EDMONTON, Alta. — Denise Houle has hauled everything from chickens to dynamite from one end of North America to the other. “I know trucks inside out and backwards,” says the 29-year-old, who started trucking when she was 17.
“Ever since I was a little tiny girl, all I wanted to do was drive a truck.”
Now she’s shifting gears with the help of a $1,000 scholarship for students pursuing careers that are traditionally dominated by the opposite sex. She is one of 13 Albertans to receive this year’s Persons Case scholarship, named for the Famous Five who established that Canadian women are persons under the law.
Houle never expected to be a “strong role model for women,” as her congratulatory letter calls her. She just likes pursuits that most people don’t associate with women. She started working on her father’s commercial fishing boat in Powell River, B.C., when she was 13, and took a heavy-duty mechanics course after high school.
She logged more than 1.9 million kilometers trucking through 42 states and most of Canada.

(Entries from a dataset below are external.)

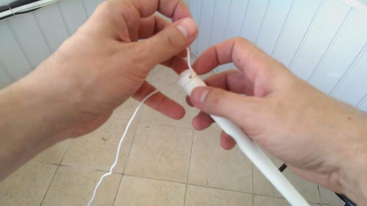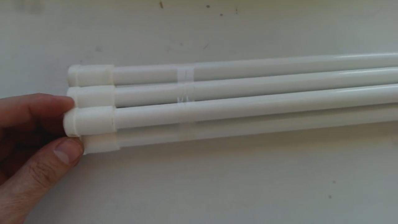 Un soporte plegable en forma de cruz se ensambla a partir de tubos de PVC (deben fijarse entre sí con tornillos que no estén apretados, pero con un ligero margen).
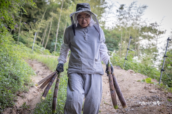 낮에는 기온이 32도까지 올라가서 무더웠습니다. 뙤약볕을 피해 오후에는 여러 가지 업무들을 처리했습니다. 해가 질 무렵 오후 5시에 스님은 작업복을 입고 산 윗밭으로 올라갔습니다.
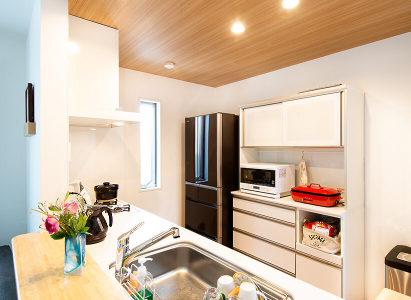 雑然としがちなキッチンや洗面スペースもとてもキレイにすっきりと暮らされているH様。「実際に住んでみて感じるのは収納の充実ぶり。キッチンや洗面所には床下収納があり、洗剤や食材のストックを入れています。2階の12.7畳の部屋には、奥行きのあるメーンクローゼットのほかにもうひとつクローゼットがあり、さらに5.1畳ほどの小屋裏収納も。造りつけの収納で充分間に合うので、家具はほぼ買い足す必要もなく、片付いた状態で暮らせています」と奥さま。
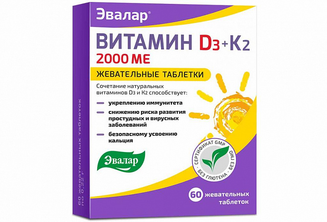 В жевательных таблетках Витамин Д3 2000 МЕ + К2от компании «Эвалар» натуральный витамин D3 с высокой дозировкой усилен натуральным витамином К2 в самой биодоступной форме МК-7. К2 дополняет действие витамина D тем и помогает ему лучше усваиваться организмом. Это единственный в России витамин D3 с высокой дозировкой, усиленный витамином К22.А за счет удобной формы жевательных таблеток Витамин Д3 2000 МЕ + К2от «Эвалар» усваивается еще лучше.

But a scare with cervical cancer in 1998 stopped her in her tracks. She decided she didn’t want to risk getting sick in the U.S., so she enrolled in Grant MacEwan College’s police and security program.
Now, she is one semester away from being qualified to be a “truck cop,” or motor transport officer, with Alberta Infrastructure, ensuring the big trucks on the road are operating safely.
“I definitely know that this is what I want,” she says. “There’s a handful of women in Infrastructure and I want to be one of them.”